例えば2018年には米国株が1度反発する中で、中国株はダウントレンドを続けていた。以下の上海総合指数のチャートを上記のS&P 500のチャートと比べてみると良い。
こうした状況は、先進国の主要指数だけは何とか一時的に押し上げられているものの、金融市場全体を持ち上げるには資金が足りていないことを意味している。
2023年の株価反発は本物か?
では2023年の株価反発はどうなのか? まずはアメリカの主要指数であるS&P 500のチャートを掲載しよう。
確かに反発している。だが主要指数が上がる中で、よりリスクが高いとみなされているよりマイナーな資産クラスはどうなっているのか?

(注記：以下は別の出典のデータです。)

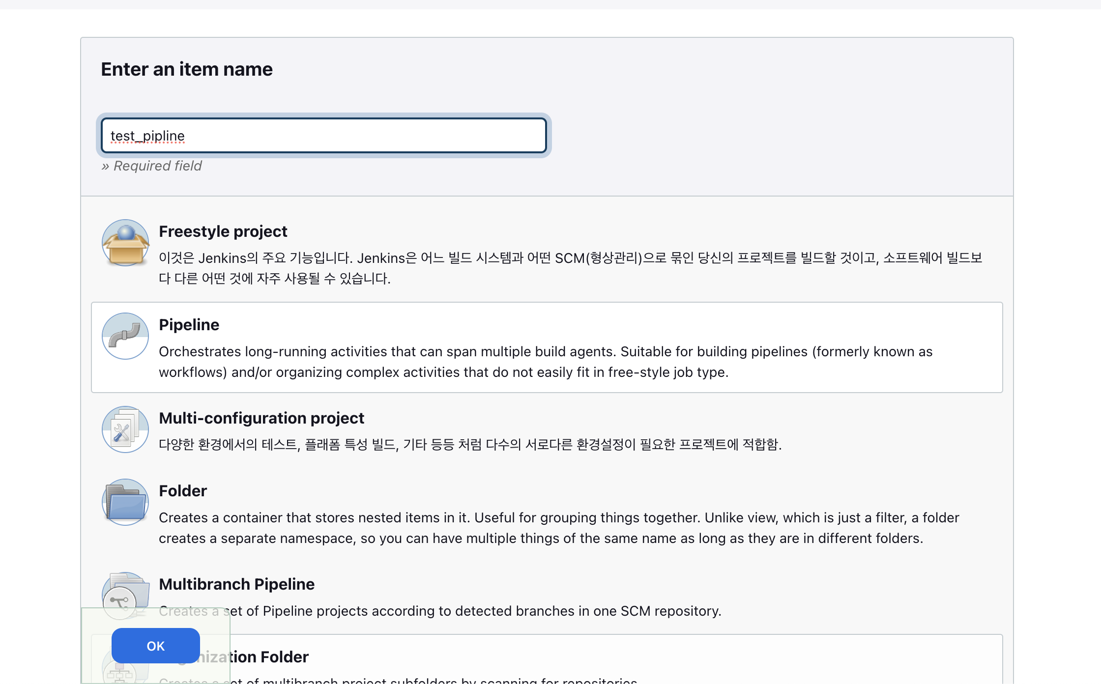 들어가셔서 item의 이름을 입력하시고, Pipline을 클릭해주신 다음 OK 버튼을 누르시면 됩니다.

例えばアメリカの小型株指数Russell 2000である(チャートはETF)。
去年の下落からまったく復活していない。S&P 500との差は明らかである。
アメリカには他にもリスク資産はある。例えばジャンク債である。ジャンク債ETFのチャートは次のようになっている。
こちらもまったく回復していない。S&P 500などの主要指数だけが反発しているが、その反発は金融市場全体には及んでいないのである。
アメリカ以外の状況も見てみると、上海総合指数は次のようになっている。
こちらも回復しているとは言い難い。上海総合指数のここ最近の動きは、むしろ2018年にS&P 500に先駆けて下がり始めたRussell 2000の動きのようにも見える。2018年はそれが暴落再開の合図だった。
最後にもう1つ挙げておこう。新興国通貨である。2018年においても新興国通貨は他の資産クラスに先駆けて下落した銘柄だった。
当時、トルコのエルドアン大統領は、トルコリラなどの新興国通貨が暴落する中、ドルだけが生き残っている状況を見て会心のギャグを飛ばした。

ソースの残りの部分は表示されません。